Hard Boiled Detectives

What comes to mind when I say the word hard-boiled. Yup, for me too –I think of hardboiled eggs. What? You say you think of one of the mystery genres. Of course you are absolutely correct, but let’s talk about eggs for a moment. A hard-boiled egg is one that has been thoroughly cooked with a tough exterior and no gooey center. Sounds like a hard-boiled detective to me.

The start of the hard-boiled detective is credited to Carroll John Daly who first introduced this type of detective in the mid 20’s. Then Dashiell Hammett and Raymond Chandler are acknowledged as polishing the genre over the next decade. The heyday for hardboiled detective fiction was the 1930’s through the 1950’s.

Pulp Fiction

Initially, hardboiled detective stories were published in pulp magazines like Black Mask, Dime Detective and Detective Fiction Weekly. These magazines were printed on cheap (pulp) paper with ragged, untrimmed edges. Later as the genre developed into novels they were referred to as “Pulp” fiction because of their early history in these magazines.

Hard-Boiled Mysteries

Even with their Pulp Fiction moniker hard-boiled stories do resemble other mysteries. We meet the detective. Then a crime is committed and the detective starts an investigation. We follow the investigation through to a solution where the criminal is revealed, caught and punished. But make no mistake hard-boiled stories are different.

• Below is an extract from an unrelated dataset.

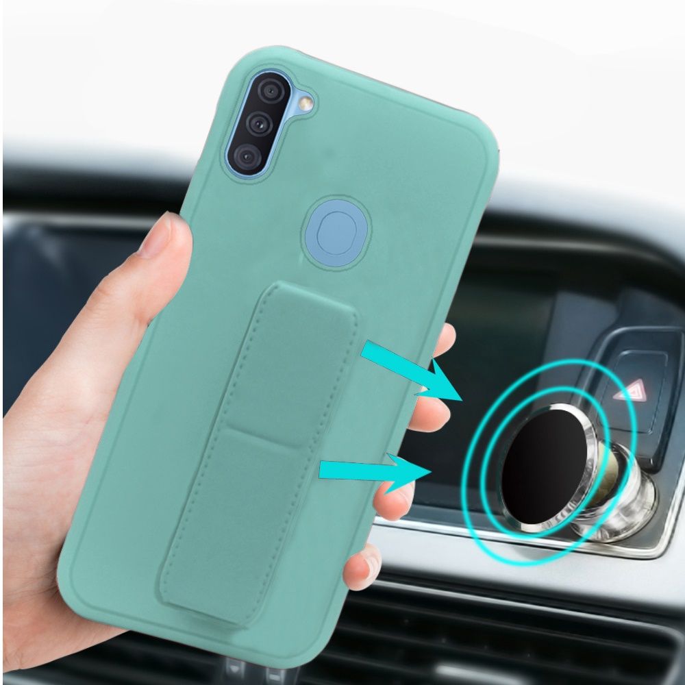 For Samsung Galaxy A11 Foldable Magnetic Kickstand Vegan Case Cover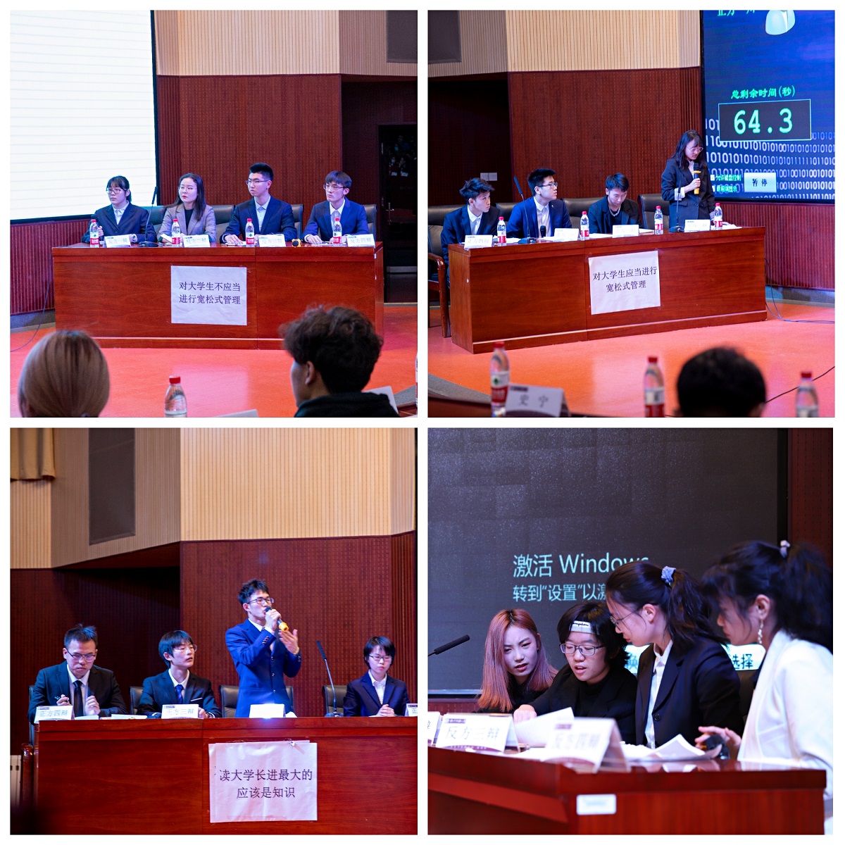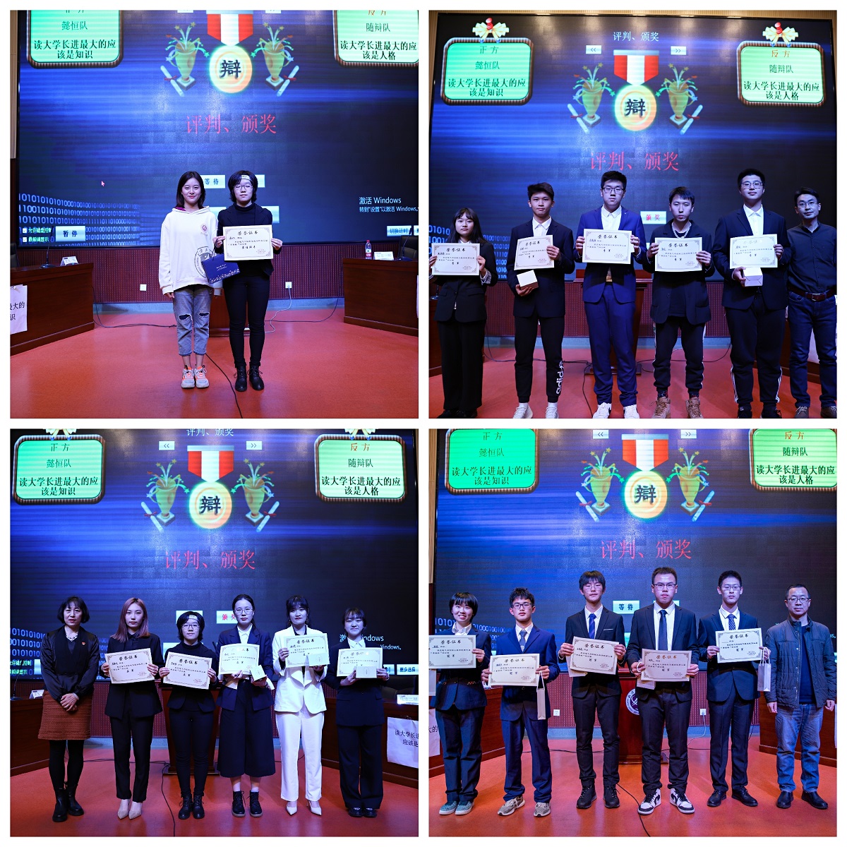辅导员库颖老师、学校辩论社社长冯嫄、学校艺术团团长江泠睿、学校主持人队队长于睿泽担任辩论赛评委,近200名学生到场观看。

Other Mysteries vs. Hard-boiled Mysteries

In amateur sleuth mysteries we find ourselves in the better part of suburbia or the lovely country side.  People are hard working, ordinary white collar, middle or upper class residents of the community.

In comparison the hard-boiled detective’s office is often in a run-down, half empty building in the seedier side of town. The detective moves from these outskirts and confronts people from the higher levels of society. The detective comes across as blue collar versus the white collar clients he is helping. He represents the ordinary man who is confronted with decisions often beyond the realm of normal everyday life.

Let’s use The Maltese Falcon as our example of a hard-boiled detective story.

While the detective operates on the edge of society some of the characters in the story also appear to be on the fringe of what is normal. For example, Joel Cairo uses a lavender scent on his handkerchiefs and business cards and Kasper Gutman is so large he is known as the “Fat Man.”

Another difference between hard-boiled detectives and other sleuths is that this detective in addition to solving the crime is also faced with some sort of personal choice.  Sam Spade has to decide whether to turn over the murderer of his partner to the police or save them from serving a jail sentence.

Failure or Rebel

The detective’s way of life may seem a failure but in fact it may be more of a rebellion. Although the rich and powerful try to draw him into their world he refuses to join them. Their world is filled with corruption and violence and only by remaining on the outside is the detective able to stay true to his beliefs.  Spade will interface with the characters but refuses to join them in their criminal activities and in their search for the elusive black bird.

Violence

There is much more violence in a hard-boiled story than the original murder and this violence is often directed at the detective. He might be beaten, drugged, or even shot. In one scene Spade is drugged so Gutman can steal back his money.

His client might try to bribe him to end his investigation. He might also be threatened with the loss of his license as he interacts with law enforcement and the members of society.

The detective has a relationship with law enforcement on a dual level. On the one hand he is respected and even admired because he gets results, but on the other hand law enforcement knows he often gets those results through practices outside of the law. And as part of this relationship with the law the hard-boiled detective often finds himself a suspect in the crime. Sam Spade is suspected of his partner’s murder because of the affair he was having with Miles wife.

The Case is Always Changing

There are constant changes to the case. The detective is often hired to do something unrelated to what ultimately becomes the crime in the case. For instance Spade’s detective agency is hired initially to find Wonderly’s sister. The case starts with looking for the sister, but quickly becomes the solving his partner’s murder and of course the search for the falcon. The bird clouds the picture even more.

The Story Gets Personal

The hard boiled story has a personal element. The victim is often a friend of or known by the detective. For Spade it’s his partner Miles who is killed. And there is almost always the fem fatale, like Bridgette O’Shaughnessy, who challenges the detective to make the right decision.

The Hard-Boiled Conclusion

As with all mysteries the story ends with a confrontation between the detective and the criminal. For the hard-boiled detective the satisfaction is not with catching the criminal but making the right personal and moral choice in the end.  Keeping this in mind the hard-boiled detective is often both the judge and the executioner making sure his brand of justice and morality is satisfied.

Don’t ignore this genre of mystery. It may be tough, violent and hard-boiled but it offers a  great story.